First Lady of Ecuador
- In role August 10, 1992 – August 10, 1996
- Preceded by: Carmen Calisto
- Succeeded by: María Rosa Pulley Vergara

Personal details
- Born: Josefina Isabel Villalobos Páramo August 5, 1924 New York City, U.S.
- Died: February 24, 2025 (aged 100) Quito, Ecuador
- Spouse: Sixto Durán Ballén ​ ​(m. 1945; died 2016)​
- Children: 9

= Josefina Villalobos =

First Lady of Ecuador (1924–2025)

Josefina Isabel Villalobos Páramo (August 5, 1924 – February 24, 2025) was an American-born Colombian-Ecuadorian public servant. She was the First Lady of Ecuador serving from August 10, 1992, through August 10, 1996, when her husband, Sixto Durán Ballén, served as President of Ecuador.

==Early life==
Villalobos was born in New York City to Colombian parents. In 1945, she married Sixto Durán Ballén.
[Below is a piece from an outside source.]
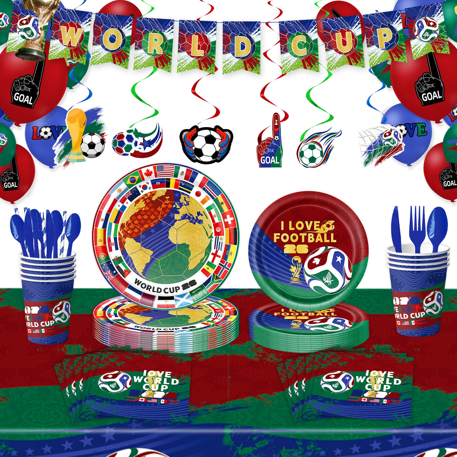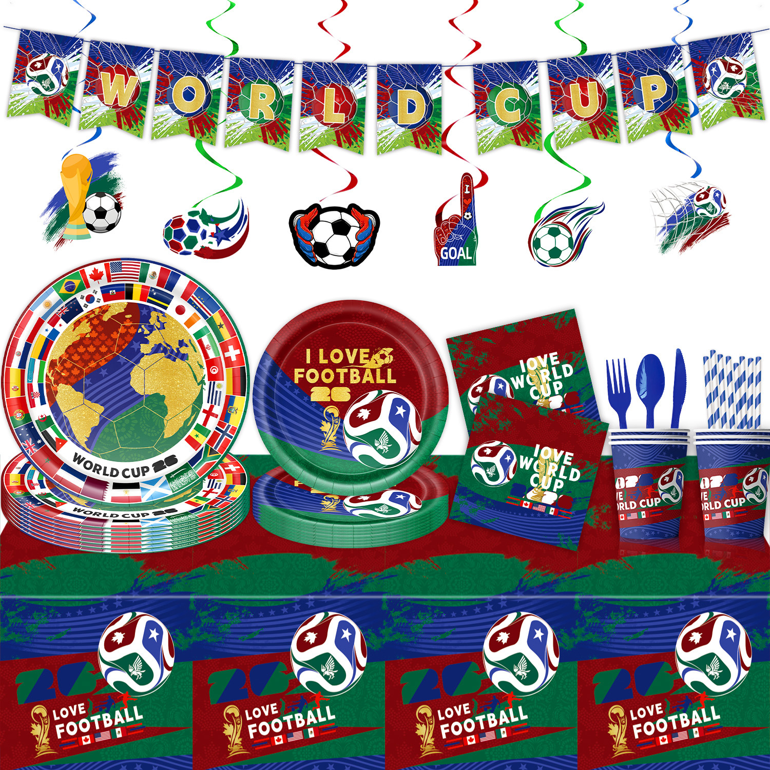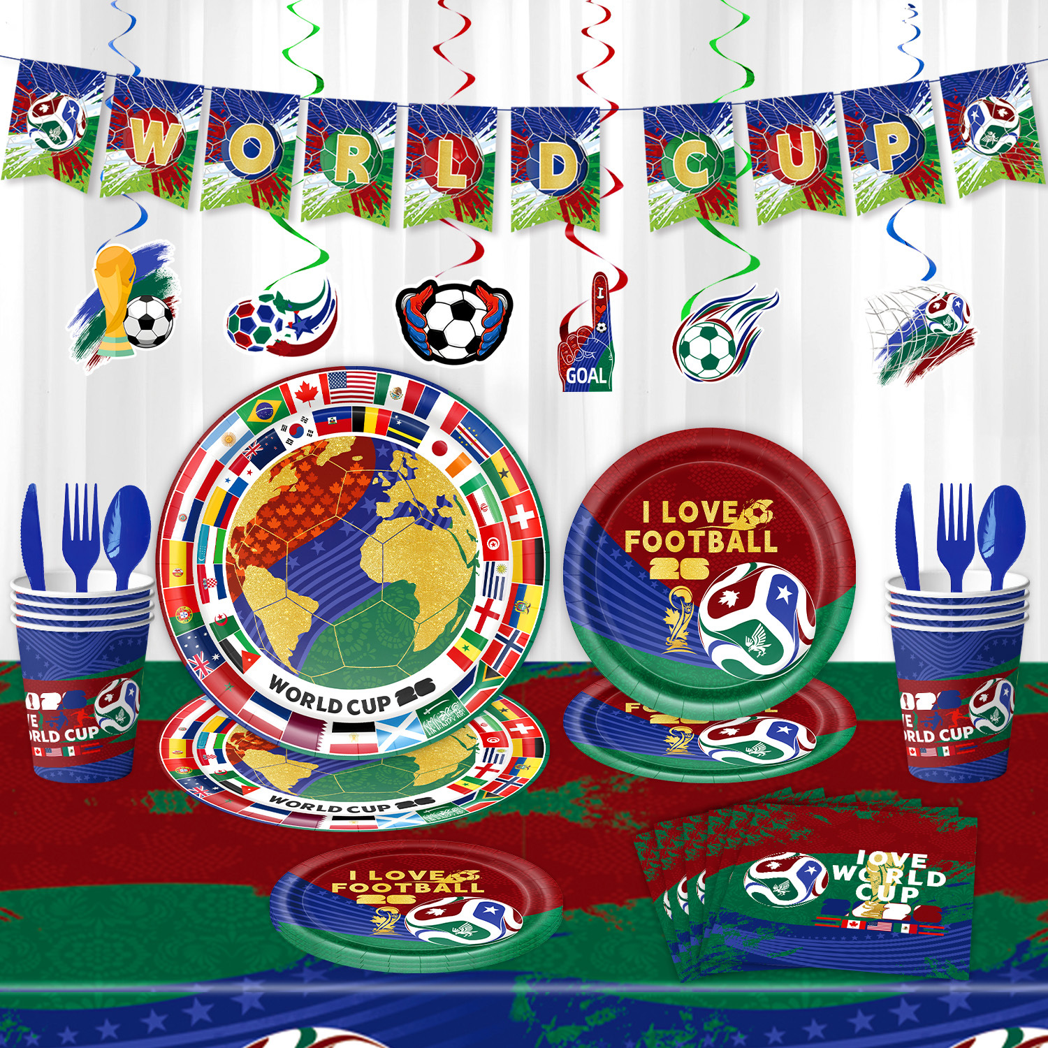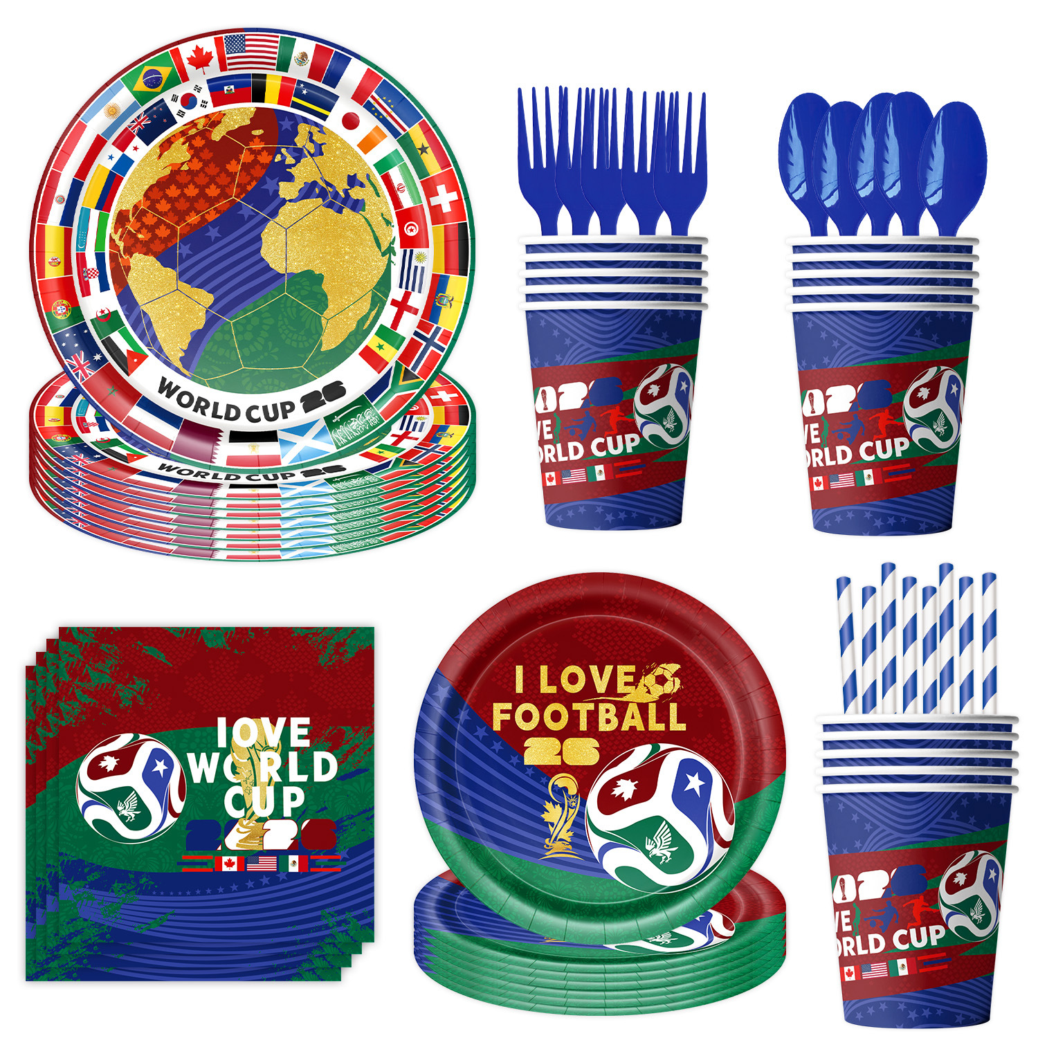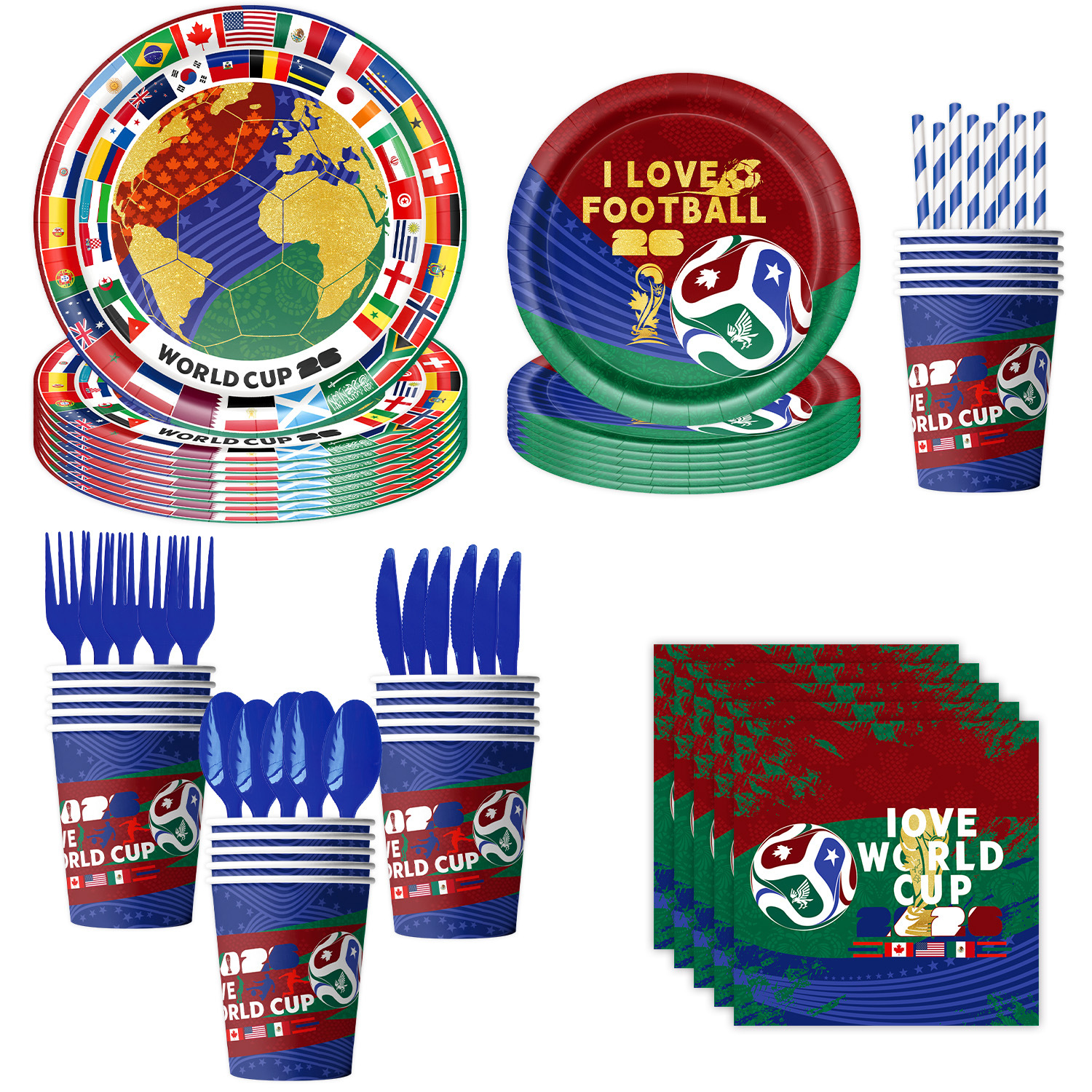 world cup 10-piece set (7-inch + 9-inch + hanging flag + paper napkins + paper cups + knife, fork and spoon straws + tablecloth)

==First Lady (1992–1996)==
As the first lady of the nation, Villalobos was known in the media and by the Ecuadorian people Finita de Durán-Ballén. When she became first lady, she played a vital role in the creation of the National Institute of the Child and the Family (INNFA). She was known for hosting of Carondelet Palace and accompanying her husband on various trips nationally and internationally. Josefina was the oldest first lady at 68 years old when her husband won the presidency of the Republic in 1992.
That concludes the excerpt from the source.